3 hours. 2 hours lecture and 2 hours lab per week.
Introduction to Cinema
Analytical Thinking
Critical Thinking
Course Description
Film aesthetics and film as an art form, including critical viewing of selected films in laboratory, and papers on topics in film and audience values.
Athena Title
Introduction to Cinema
Semester Course Offered
Offered fall, spring and summer
Grading System
A - F (Traditional)
Student Learning Outcomes
By the end of the class, students should be able to offer a basic overview of film’s emergence as an industry and the workings of the studio system, including the “lifecycle” of a film (production, distribution, exhibition).
By the end of the class, students should be able to analyze the narrative structure both of conventional fiction films and unconventional works (including art cinema, documentary, avant-garde film, and animation) and identify important patterns (such as repeating motifs) within a work.

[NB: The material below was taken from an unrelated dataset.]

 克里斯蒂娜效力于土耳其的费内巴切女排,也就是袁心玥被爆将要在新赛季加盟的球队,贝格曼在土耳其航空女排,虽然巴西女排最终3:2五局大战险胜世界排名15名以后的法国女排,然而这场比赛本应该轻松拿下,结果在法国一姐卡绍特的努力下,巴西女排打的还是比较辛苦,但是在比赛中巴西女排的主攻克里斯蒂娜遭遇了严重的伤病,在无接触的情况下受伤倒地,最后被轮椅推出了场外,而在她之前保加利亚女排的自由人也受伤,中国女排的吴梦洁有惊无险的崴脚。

By the end of the class, students should be able to analyze how elements of narrative film style—mise-en-scène, editing, cinematography, and sound design—convey story information and emotionally move the viewer, as well as how elements of style are used in documentary, animation, and avant-garde film.

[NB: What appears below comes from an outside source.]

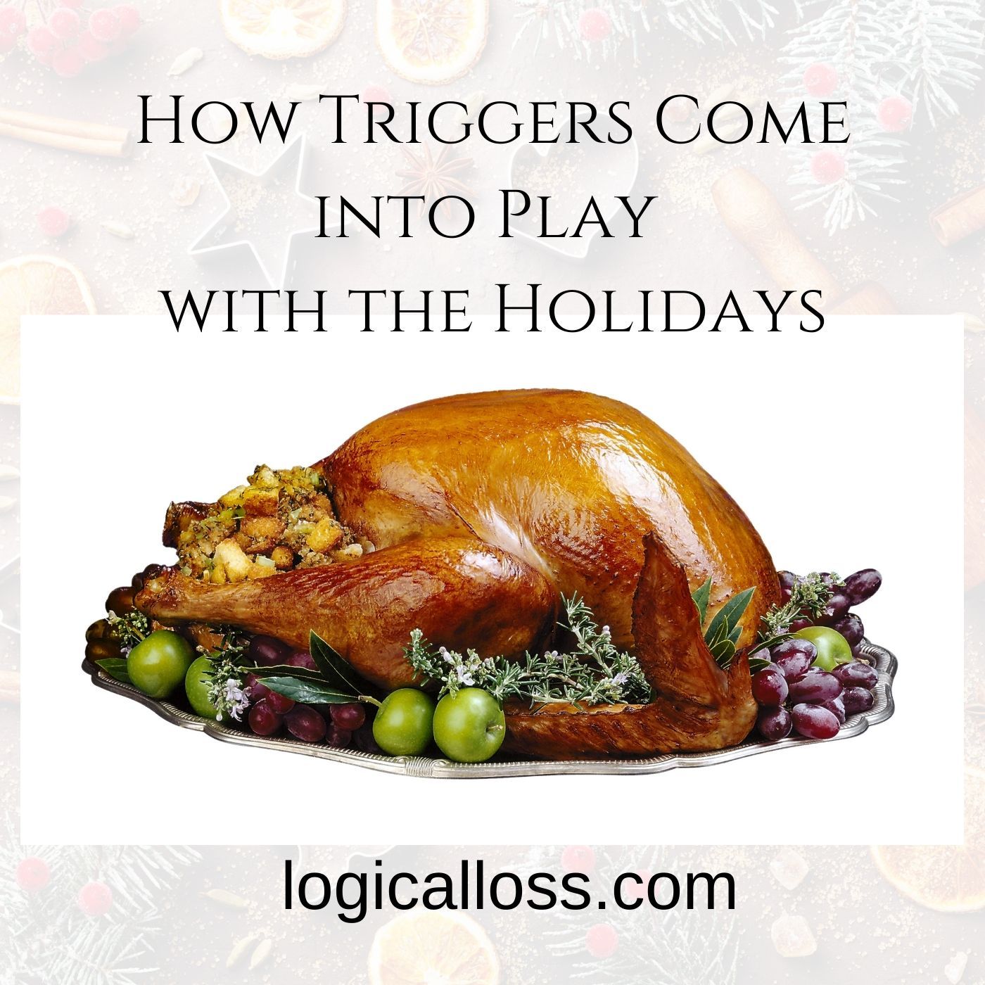 Weight update. November 5th I am at 226. November 19th 225. Different Types of Food Triggers Behavior Chains start with triggers: Environmental Biological Mental Emotional Social Triggers Produce Thoughts Thoughts Lead to Actions Actions lead to consequences Consequences Physical Psychological Physiological Emotional This example is from Noom Mentioned in This Episode 5 Ways to Battle the Holidays Noom Weight Loss App Join the Fitness Focused New Year

By the end of the class, students should be able to distinguish between major categories of film—including fictional film genres, documentary, avant-garde, and animation—identifying how they differ in their subject matter, means of production, intended purposes, and target audiences.

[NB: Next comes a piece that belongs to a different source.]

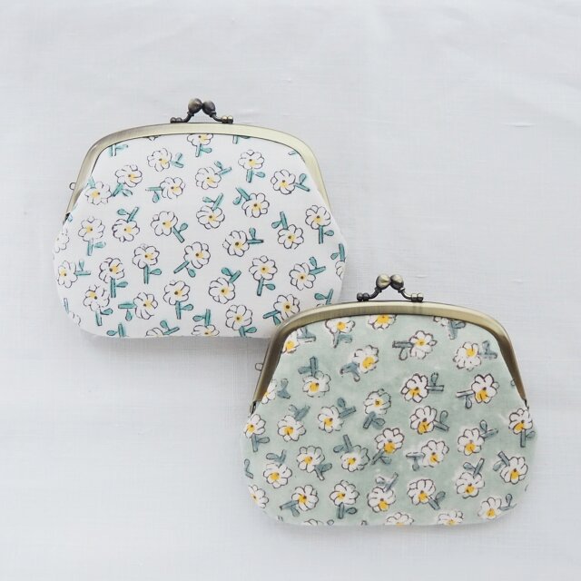 ■木版プリントの仕切りがま口財布 / hanauta■ amande(adm-hn)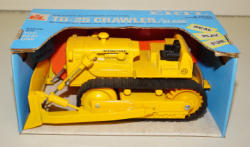 Rare original set, condition is good, blue one has a cracked rear rim, but it's stable, Yellow one has been broken around the rear end and glued a long time ago, yellow one is not the best, includes both Demonstration Manuals and other original box with the box liner; we have sold a few of the tractors over the years, but this is the first complete boxed set; Toys are rubber-band powered to show how to keep from rolling over; neat set

By the end of the class, students should be able to analyze how meaning is created in film both through creative decisions by directors, stars, and others, and through the process of interpretation by audiences and critics.
By the end of the class, students should be able to develop arguments involving the analysis of film style and narrative that are effectively supported with evidence and elegantly expressed using correct terminology.
By the end of the class, students should be able to identify the key narrative and stylistic characteristics of a select number of filmmaking movements (Soviet montage, German expressionism, the French New Wave) and their significance for film history as a whole.
Topical Outline
I. The Film Industry: Origins and Workings
II. Structure and Story - Classical Narrative
III. Alternatives to Classical Narrative – Art Cinema
IV. Film Style - Editing
V. Film Style - Mise-en-scène
VI. Film Style - Cinematography
VII. Film Style - Sound
VIII. Narrative Film Genres
IX. Documentary Film
X. Animation and Avant-Garde Film
XI. The "Director's Vision": Authorship in Cinema
XII. Film Distribution and Exhibition
XIII. Spectators, Stars, Fans
General Education Core
CORE IV: Humanities and the Arts
Institutional Competencies
Analytical Thinking
The ability to reason, interpret, analyze, and solve problems from a wide array of authentic contexts.
Critical Thinking
The ability to pursue and comprehensively evaluate information before accepting or establishing a conclusion, decision, or action.